Today I want to continue this discussion with a theorem that is strongly related to exchangeability called De Finetti's theorem. The theorem goes as follows: say we have an infinite sequence of binary random variables (say the color of the balls in our urn model) and this sequence is exchangeably, then there exists a probability distribution for
$\theta$
such that
$p(x_1,\cdots,x_n) = \int_{\Theta} \prod_{i=1}^n p(x_i|\theta) p(\theta) d\theta$
In other words, if our sequence of random variables is exchangeable, than it really is a sample from a mixture model with mixture distribution
$p(\theta)$
This kind of theorem reminds me of a quote I once heard in a complexity theory talk: if pigs can whistle, then horses can fly. What do I mean by this? Assuming that a set of random variables is exchangeably doesn't sounds like a very big assumption: e.g. if you plan to cluster something like the MNIST digit recognition dataset, there is nothing a priori that distinguishes one image from another; aka. you could assume they are exchangeable. However, once you make the exchangeability assumption, De Finetti's theoremy suddenly says that really your datapoints are part of a hierarchicaly Bayesian model. In other words: by making the relatively innocent exchangeability assumption, De Finetti's theorem imposes the graphical model structure upon you. A weak assumption implies a rather strong consequence.
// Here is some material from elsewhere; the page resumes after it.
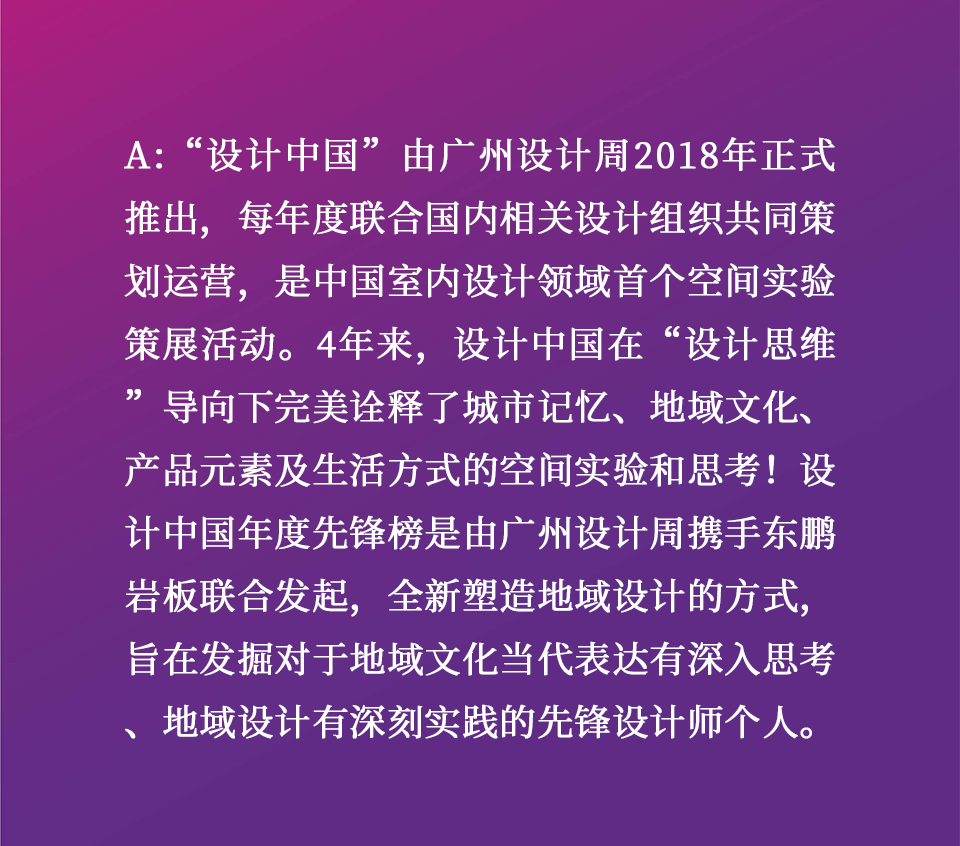 “设计中国”由广州设计周2018年正式推出,每年度联合国内相关设计组织共同策划运营,是中国室内设计领域首个空间实验策展活动。4年来,设计中国在“设计思维”导向下完美诠释了城市记忆、地域文化、产品元素及生活方式的空间实验和思考!

There is a catch however: the theorem does not specify what kind of random variable
$\theta$
is, nor what its distribution function is. As a matter of fact,
$\theta$
could be an infinitely large random variable (which would lead us into the realm of nonparametric Bayesian models such as the Dirichlet Process, but that's for another time). For simple models such as urn model 2 we can compute the distribution though:
$\theta$
turns out to be a Beta distributed random variable.
All in all, De Finetti's theorem is an interesting theorem but it is not clear to me of how much practical value it is. There are many extensions and modifications of the theorem; for more information check
- The Concept of Exchangeability - Jose Bernardo
- Exchangeability and Related Topics - David Aldous
What is... Exchangeability?
$What is... Exchangeability?$

Talking about exchangeability, a friend once commented that exchangeability is "too simple too understand". On one hand, it is true that the statement of exchangeability (see below) sounds somewhat trivial, I found that I had absolutely no intuition as to why it is important for machine learning. So after some reading, I present my take on the concept of exchangeability.
What is Exchangeability?
Scenario 1. Imagine we have an urn with r red balls and b blue balls. We draw 3 balls from the urn as follows: we pick a random ball, write down its color and put it back in the urn before drawing a new ball. We introduce 3 random variables: A, B, C which denote the color of the first, second and third ball. It is not hard to see that p(A=r, B=b, C=b) = p(A=b, B=r, C=b); in other words, we can exchange the values of the random variables without changing the joint probability. Intuitively, the reason we can exchange the observations is that our random variables are IID (independent and identically distributed).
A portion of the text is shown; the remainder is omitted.